Mariana Haubert, BRASÍLIA, Mariana Durão, RIO e Julio Cesar Lima, Especial para o Estado, CURITIBA, O Estado de S.Paulo

19 de julho de 2019 | 14h42

O presidente Jair Bolsonaro alertou nesta sexta-feira, 19, para o risco de sanções impostas pelos EUA ao Irã ameaçarem empresas brasileiras. Desde junho, dois cargueiros iranianos que estão na lista negra do Departamento do Tesouro americano esperam no Porto de Paranaguá uma decisão judicial para abastecer e seguir viagem. A Petrobrás se nega a vender combustível às embarcações, pois teme sofrer punições.

Em Brasília, Bolsonaro afirmou que o problema das sanções dos EUA ao Irã é um risco para as empresas brasileiras. “Existe esse problema. Os EUA, de forma unilateral, pelo que me consta, têm embargo levantado contra o Irã (na verdade, ele quis dizer “um embargo em vigor”). As empresas brasileiras foram avisadas do problema e estão correndo risco.”

Bolsonaro lembrou também que tem se aproximado cada vez mais do presidente americano, Donald Trump, mas destacou que o Brasil precisa cuidar dos seus problemas "em primeiro lugar". O presidente afirmou ainda que o País está de braços abertos para acordos e parcerias com outros países.

"Eu, particularmente, estou me aproximando cada vez mais do Trump, fui recebido duas vezes por ele, ele é a primeira economia do mundo, segundo mercado econômico. E hoje abri para jornalistas estrangeiros que o Brasil está de braços abertos para fazermos acordos, parcerias, para o bem dos nossos povos. O Brasil é um país que não tem conflito em nenhum lugar do mundo, graças a Deus, pretendemos manter nessa linha, mas entendemos que outros países têm problemas e nós aqui temos que cuidar dos nossos em primeiro lugar", disse.

Os dois cargueiros parados em Paranaguá são o Bavand, carregado com milho, e o Termeh, que trouxe ureia do Irã. Eles estão presos no porto desde o mês passado. A estatal brasileira alega que poderia sofrer punições caso abastecesse os navios e diz que outras empresas podem fornecer o combustível.

O impasse ocorre no momento em que o Brasil busca uma aproximação com os EUA e o governo americano aumenta a pressão diplomática sobre o Irã. Em maio de 2018, Trump retirou o país de um acordo que restringia o programa nuclear iraniano em troca da suspensão gradual das sanções.

Em perigo

Para o ex-embaixador do Brasil em Washington, Rubens Barbosa, a decisão da Petrobrás em negar o abastecimento aos navios iranianos não tem influência do governo federal. “É uma decisão puramente empresarial. Empresas que comercializam ou ajudam de alguma maneira o Irã não podem fazer negócios com os EUA.”

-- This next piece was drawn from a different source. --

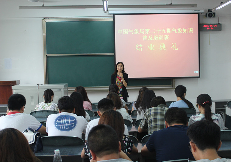 【本网讯】 中国气象局第25期气象知识普及培训班(文科)如期结业,结业仪式于6月24日上午在新莆京官网4309教室进行,大气科学学院党总支书记张小红、培训班班主任吴云以及全体培训班学员参加了结业仪式,结业仪式由吴云主持。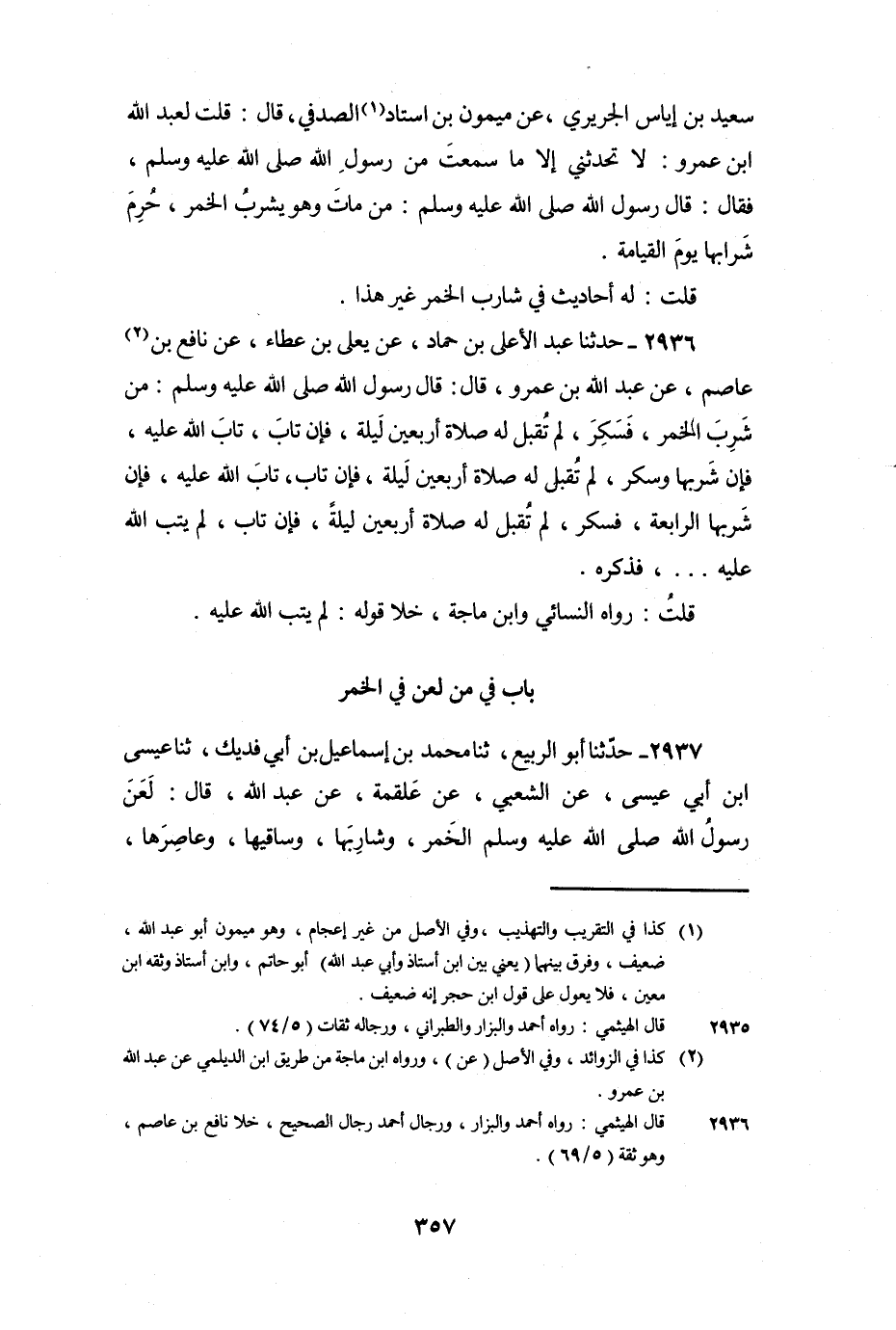 2936 - حَدَّثَنَا عَبْدُ الأَعْلَى بْنُ حَمَّادٍ، عَنْ يَعْلَى بْنِ عَطَاءٍ، عَنْ نَافِعِ بْنِ عَاصِمٍ، عَنْ عَبْدِ اللَّهِ بْنِ عَمْرٍو، قَالَ: قَالَ رَسُولُ اللَّهِ صَلَّى اللَّهُ عَلَيْهِ وَسَلَّمَ: «مَنْ شَرِبَ الْخَمْرَ، فَسَكِرَ، لَمْ تُقْبَلْ لَهُ صَلاةٌ أَرْبَعِينَ لَيْلَةً، فَإِنْ تَابَ، تَابَ اللَّهُ عَلَيْهِ، فَإِنْ شَرِبَهَا وَسَكِرَ، لَمْ تُقْبَلْ لَهُ صَلاةٌ أَرْبَعِينَ لَيْلَةً، فَإِنْ تَابَ، تَابَ اللَّهُ عَلَيْهِ، فَإِنْ شَرِبَهَا الرَّابِعَةَ، فَسَكِرَ، لَمْ تُقْبَلْ لَهُ صَلاةٌ أَرْبَعِينَ لَيْلَةً، فَإِنْ تَابَ، لَمْ يَتُبِ اللَّهُ عَلَيْهِ....

O pacote de sanções americanas estabelece que empresas atuantes nos EUA terão os ativos congelados e as atividades paralisadas no país, caso façam transações comerciais com o Irã. O mesmo se aplica a pessoas físicas. “A Petrobrás tem negócios nos EUA, não pode correr o risco de ficar congelada”, disse Barbosa.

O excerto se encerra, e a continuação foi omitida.